**Action item:** Below are records to repeat exactly; copy them without the pictures.

Saved entries
************

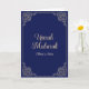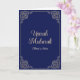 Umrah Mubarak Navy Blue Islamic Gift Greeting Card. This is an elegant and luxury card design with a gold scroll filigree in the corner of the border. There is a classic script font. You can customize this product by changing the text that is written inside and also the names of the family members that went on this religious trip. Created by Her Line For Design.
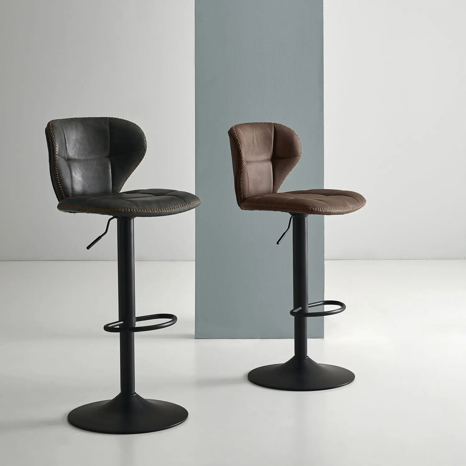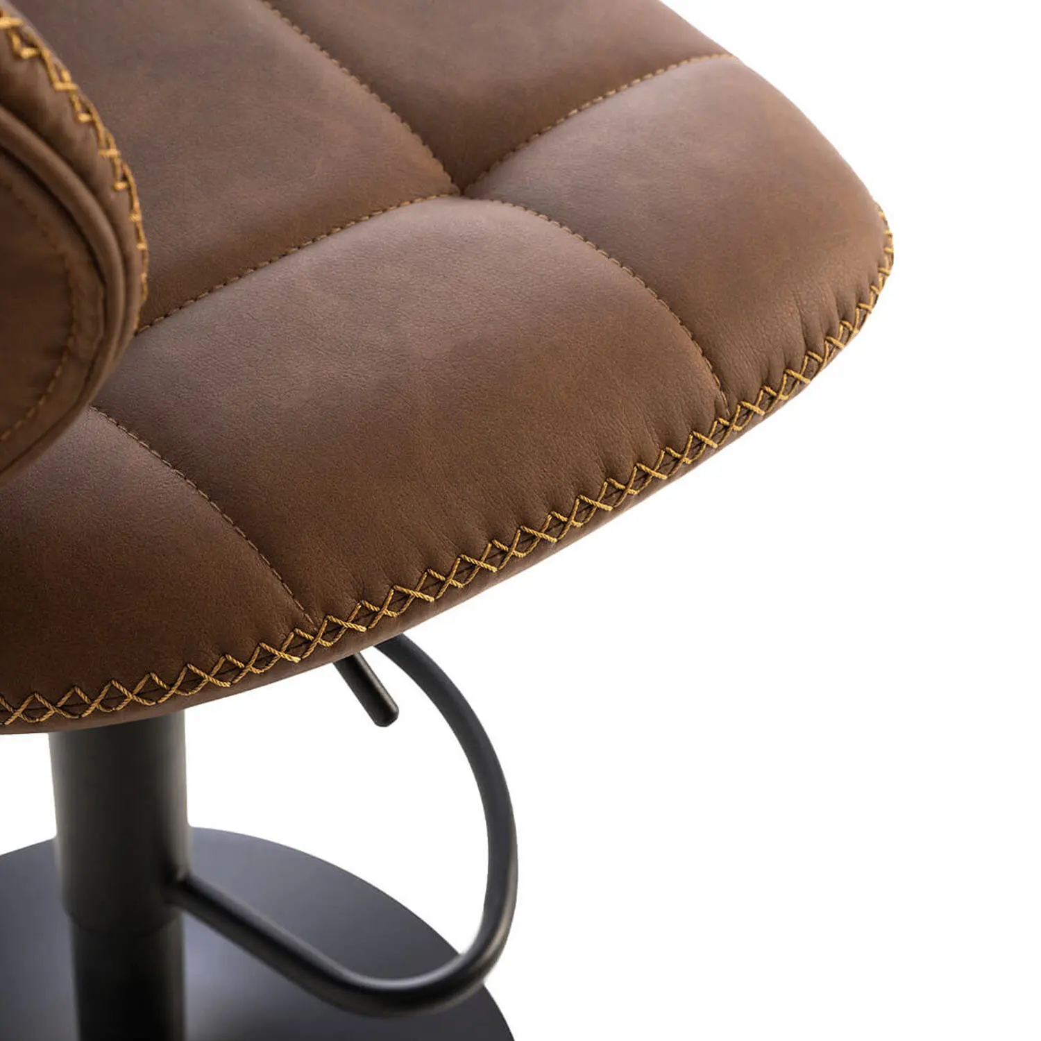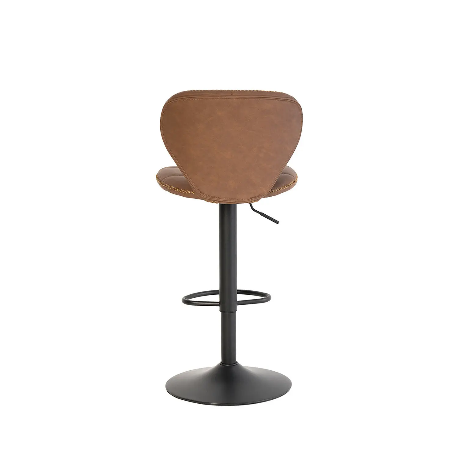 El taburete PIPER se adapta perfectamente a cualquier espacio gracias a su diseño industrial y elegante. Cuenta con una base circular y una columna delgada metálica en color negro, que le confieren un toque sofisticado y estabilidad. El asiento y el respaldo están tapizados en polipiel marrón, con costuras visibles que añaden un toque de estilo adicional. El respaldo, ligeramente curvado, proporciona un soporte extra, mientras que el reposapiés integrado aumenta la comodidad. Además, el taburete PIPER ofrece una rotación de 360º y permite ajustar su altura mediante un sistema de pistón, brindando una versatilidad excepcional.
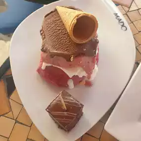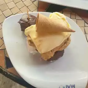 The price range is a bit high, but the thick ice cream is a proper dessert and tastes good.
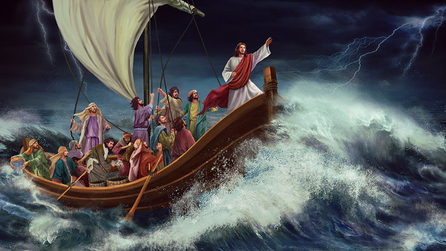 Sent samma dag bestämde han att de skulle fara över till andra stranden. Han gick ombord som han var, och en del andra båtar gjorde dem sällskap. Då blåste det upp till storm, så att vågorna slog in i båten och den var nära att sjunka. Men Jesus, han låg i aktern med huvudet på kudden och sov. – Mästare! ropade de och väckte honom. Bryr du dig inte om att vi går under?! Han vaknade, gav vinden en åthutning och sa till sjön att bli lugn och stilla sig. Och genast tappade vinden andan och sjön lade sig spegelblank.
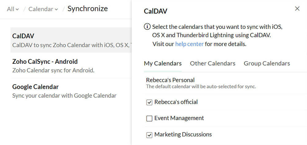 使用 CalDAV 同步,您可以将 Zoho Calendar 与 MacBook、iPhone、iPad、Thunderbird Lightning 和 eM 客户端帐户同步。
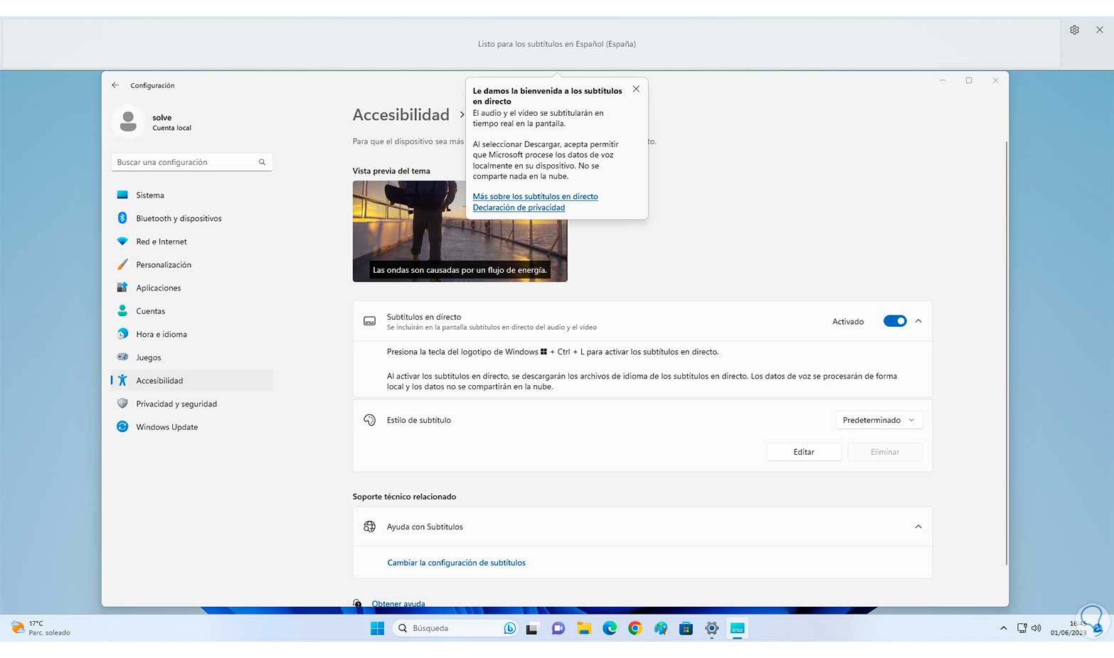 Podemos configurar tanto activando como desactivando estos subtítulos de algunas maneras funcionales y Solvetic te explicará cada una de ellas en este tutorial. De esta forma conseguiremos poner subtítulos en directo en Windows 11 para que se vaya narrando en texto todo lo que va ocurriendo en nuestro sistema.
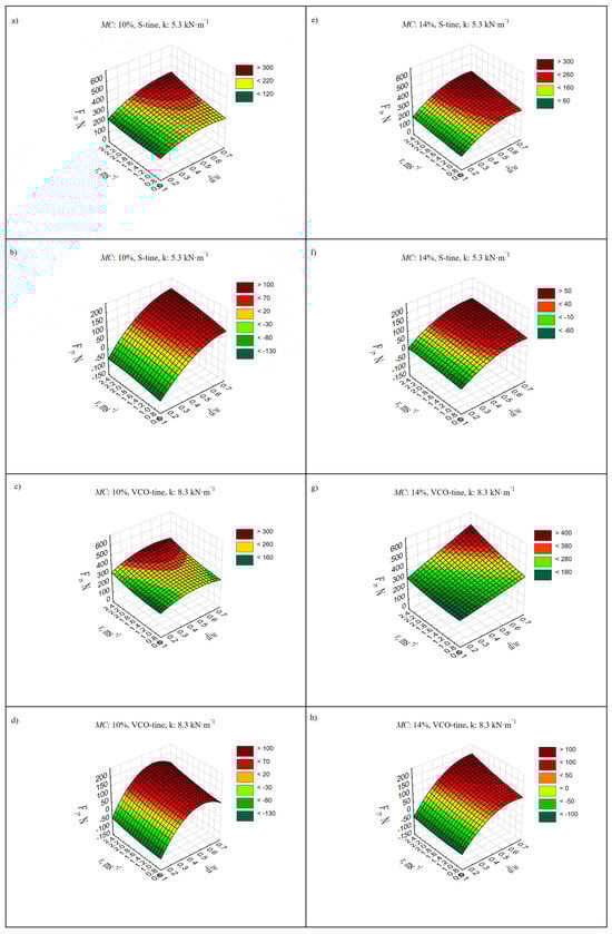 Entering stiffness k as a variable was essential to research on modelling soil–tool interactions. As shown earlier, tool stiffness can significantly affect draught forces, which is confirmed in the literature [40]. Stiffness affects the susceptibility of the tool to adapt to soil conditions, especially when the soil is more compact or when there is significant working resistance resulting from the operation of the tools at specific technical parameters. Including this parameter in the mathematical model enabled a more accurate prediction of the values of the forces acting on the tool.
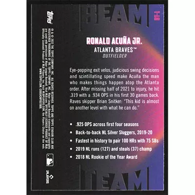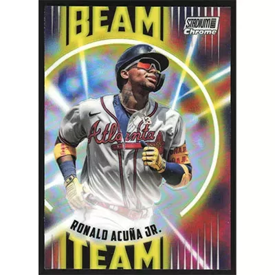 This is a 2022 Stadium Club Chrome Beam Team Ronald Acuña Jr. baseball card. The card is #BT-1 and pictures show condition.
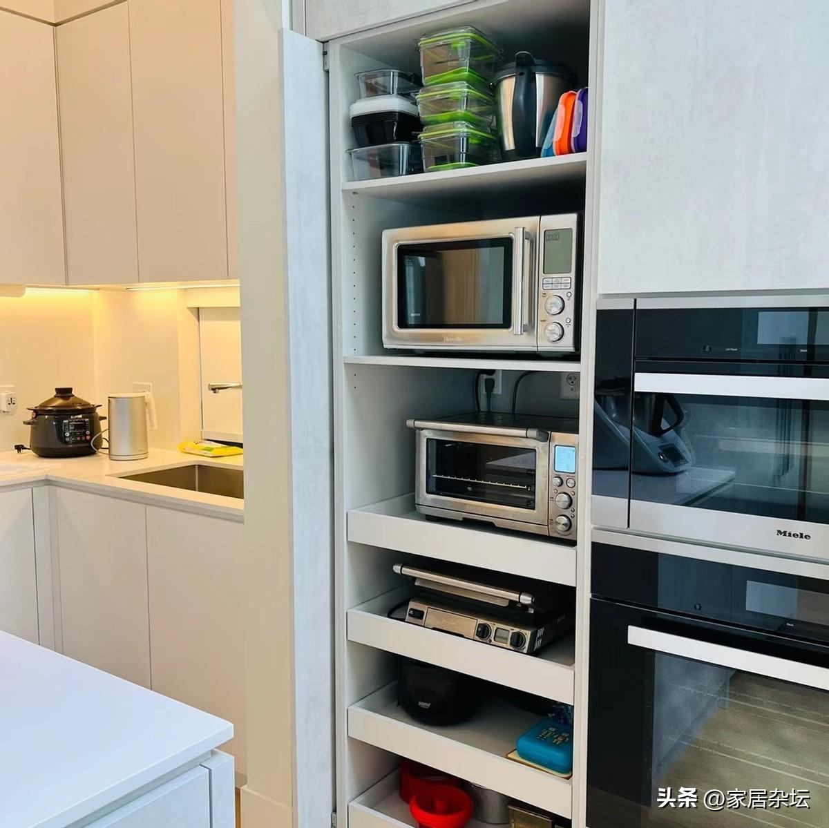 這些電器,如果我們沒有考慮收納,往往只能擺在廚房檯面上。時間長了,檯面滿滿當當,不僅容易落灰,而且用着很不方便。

************

**Answer for this exercise:**
 Umrah Mubarak Navy Blue Islamic Gift Greeting Card. This is an elegant and luxury card design with a gold scroll filigree in the corner of the border. There is a classic script font. You can customize this product by changing the text that is written inside and also the names of the family members that went on this religious trip. Created by Her Line For Design.
 El taburete PIPER se adapta perfectamente a cualquier espacio gracias a su diseño industrial y elegante. Cuenta con una base circular y una columna delgada metálica en color negro, que le confieren un toque sofisticado y estabilidad. El asiento y el respaldo están tapizados en polipiel marrón, con costuras visibles que añaden un toque de estilo adicional. El respaldo, ligeramente curvado, proporciona un soporte extra, mientras que el reposapiés integrado aumenta la comodidad. Además, el taburete PIPER ofrece una rotación de 360º y permite ajustar su altura mediante un sistema de pistón, brindando una versatilidad excepcional.
 The price range is a bit high, but the thick ice cream is a proper dessert and tastes good.
 Sent samma dag bestämde han att de skulle fara över till andra stranden. Han gick ombord som han var, och en del andra båtar gjorde dem sällskap. Då blåste det upp till storm, så att vågorna slog in i båten och den var nära att sjunka. Men Jesus, han låg i aktern med huvudet på kudden och sov. – Mästare! ropade de och väckte honom. Bryr du dig inte om att vi går under?! Han vaknade, gav vinden en åthutning och sa till sjön att bli lugn och stilla sig. Och genast tappade vinden andan och sjön lade sig spegelblank.
 使用 CalDAV 同步,您可以将 Zoho Calendar 与 MacBook、iPhone、iPad、Thunderbird Lightning 和 eM 客户端帐户同步。
 Podemos configurar tanto activando como desactivando estos subtítulos de algunas maneras funcionales y Solvetic te explicará cada una de ellas en este tutorial. De esta forma conseguiremos poner subtítulos en directo en Windows 11 para que se vaya narrando en texto todo lo que va ocurriendo en nuestro sistema.
 Entering stiffness k as a variable was essential to research on modelling soil–tool interactions. As shown earlier, tool stiffness can significantly affect draught forces, which is confirmed in the literature [40]. Stiffness affects the susceptibility of the tool to adapt to soil conditions, especially when the soil is more compact or when there is significant working resistance resulting from the operation of the tools at specific technical parameters. Including this parameter in the mathematical model enabled a more accurate prediction of the values of the forces acting on the tool.
 This is a 2022 Stadium Club Chrome Beam Team Ronald Acuña Jr. baseball card. The card is #BT-1 and pictures show condition.
 這些電器,如果我們沒有考慮收納,往往只能擺在廚房檯面上。時間長了,檯面滿滿當當,不僅容易落灰,而且用着很不方便。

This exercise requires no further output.